RECORDED INFORMATION:
====

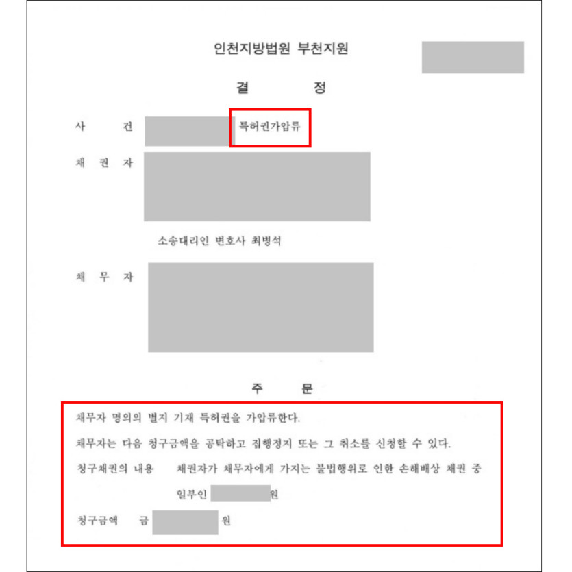 민사·손해배상 특허권 가압류로 기업 손해배상 소송에서 실질적 회수를 이끈 사례 가압류 결정 25-09-11 관련링크 목록 사건 개요 의뢰 기업은 거래 상대방 회사의 불법행위로 인해 수억 원 상당의 금전적 피해를 입었습니다.상대방은 자산을 다른 명의로 이전하거나 회사 명의 재산을 정리하려는 정황을 보이고 있었기에 법무법인 우경은 피해금액에 대한 손해배상 청구와 동시에, 해당 회사의 특허권을 가압류하는 전략을 함께 진행하였습니다. 법무법인 우경의 조력 법무법인 우경은 본 사건에서 다음과 같은 전략적 조력을 제공하였습니다.상대방의 자산현황 사전 파악 및 특허 정보 추척손해배상청구와 가압류를 동시에 진행해 압박 효과 극대화보증보험을 활용한 담보 제출 절차를 신속히 처리추후 본안소송에서도 입증 책임과 방어전략 설계그 결과, 상대방은 조속히 합의에 응하게 되었고, 의뢰 기업은 실질적인 금전 회수에 성공할 수 있었습니다. 법원의 판단 법원은 다음과 같이 판결하였습니다."채무자 명의의 특허권에 대한 가압류를 결정하며, 청구금액은 ○억 원으로 한다. 신청인은 담보로 보증보험증권을 제출하였고, 이에 따라 가압류를 인가한다."가압류 대상이 된 특허는 실제로 상업적 가치가 높은 등록 특허들이었습니다. 목록
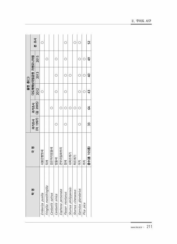 211 학 명 국 명 출현 종 ○ 과거조사 이 1997 과거조사 김 2005 다도해해상국립공원 자원모니터링 본 조사 2012 2013 2015 Emberiza pusilla 쇠붉은뺨멧새 ○ ○ Fringilla montifringilla 되새 ○ Carduelis spinus 검은머리방울새 ○ Carduelis sinica 방울새 ○ ○ ○ ○ Eophona personata 큰부리밀화부리 ○ Passer montanus 참새 ○ ○ ○ ○ ○ ○ Sturnus philippensis 쇠찌르레기 ○ ○ Sturnus cineraceus 찌르레기 ○ ○ Garrulus glandarius 어치 ○ ○ ○ ○ ○ ○ Pica pica 까치 ○ ○ ○ 종수 총 105종 33 64 43 40 4952
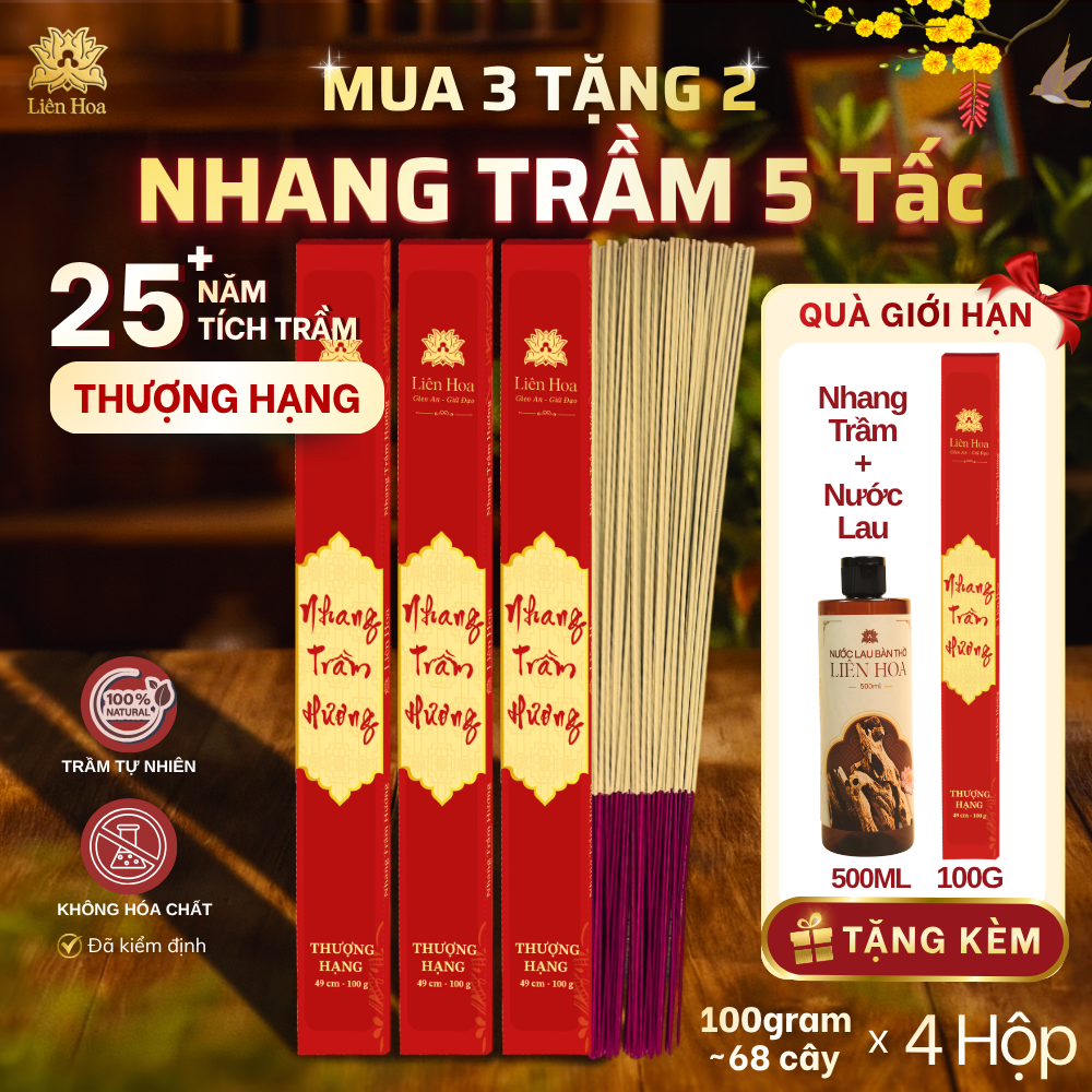 [MUA 3 TẶNG 2] Nhang Trầm 49cm THƯỢNG HẠNG (100gr/hộp) | Trầm Sạch | Thơm | 100% Tự Nhiên | Thờ Cúng (Hương 5 Tấc thắp Tết)

====

AIM OF THE EXERCISE: Without any pictures, restate word for word only the lines from the one with "211 학 명 국 명" through the end of the listing.

ANSWER SPACE:
 211 학 명 국 명 출현 종 ○ 과거조사 이 1997 과거조사 김 2005 다도해해상국립공원 자원모니터링 본 조사 2012 2013 2015 Emberiza pusilla 쇠붉은뺨멧새 ○ ○ Fringilla montifringilla 되새 ○ Carduelis spinus 검은머리방울새 ○ Carduelis sinica 방울새 ○ ○ ○ ○ Eophona personata 큰부리밀화부리 ○ Passer montanus 참새 ○ ○ ○ ○ ○ ○ Sturnus philippensis 쇠찌르레기 ○ ○ Sturnus cineraceus 찌르레기 ○ ○ Garrulus glandarius 어치 ○ ○ ○ ○ ○ ○ Pica pica 까치 ○ ○ ○ 종수 총 105종 33 64 43 40 4952
 [MUA 3 TẶNG 2] Nhang Trầm 49cm THƯỢNG HẠNG (100gr/hộp) | Trầm Sạch | Thơm | 100% Tự Nhiên | Thờ Cúng (Hương 5 Tấc thắp Tết)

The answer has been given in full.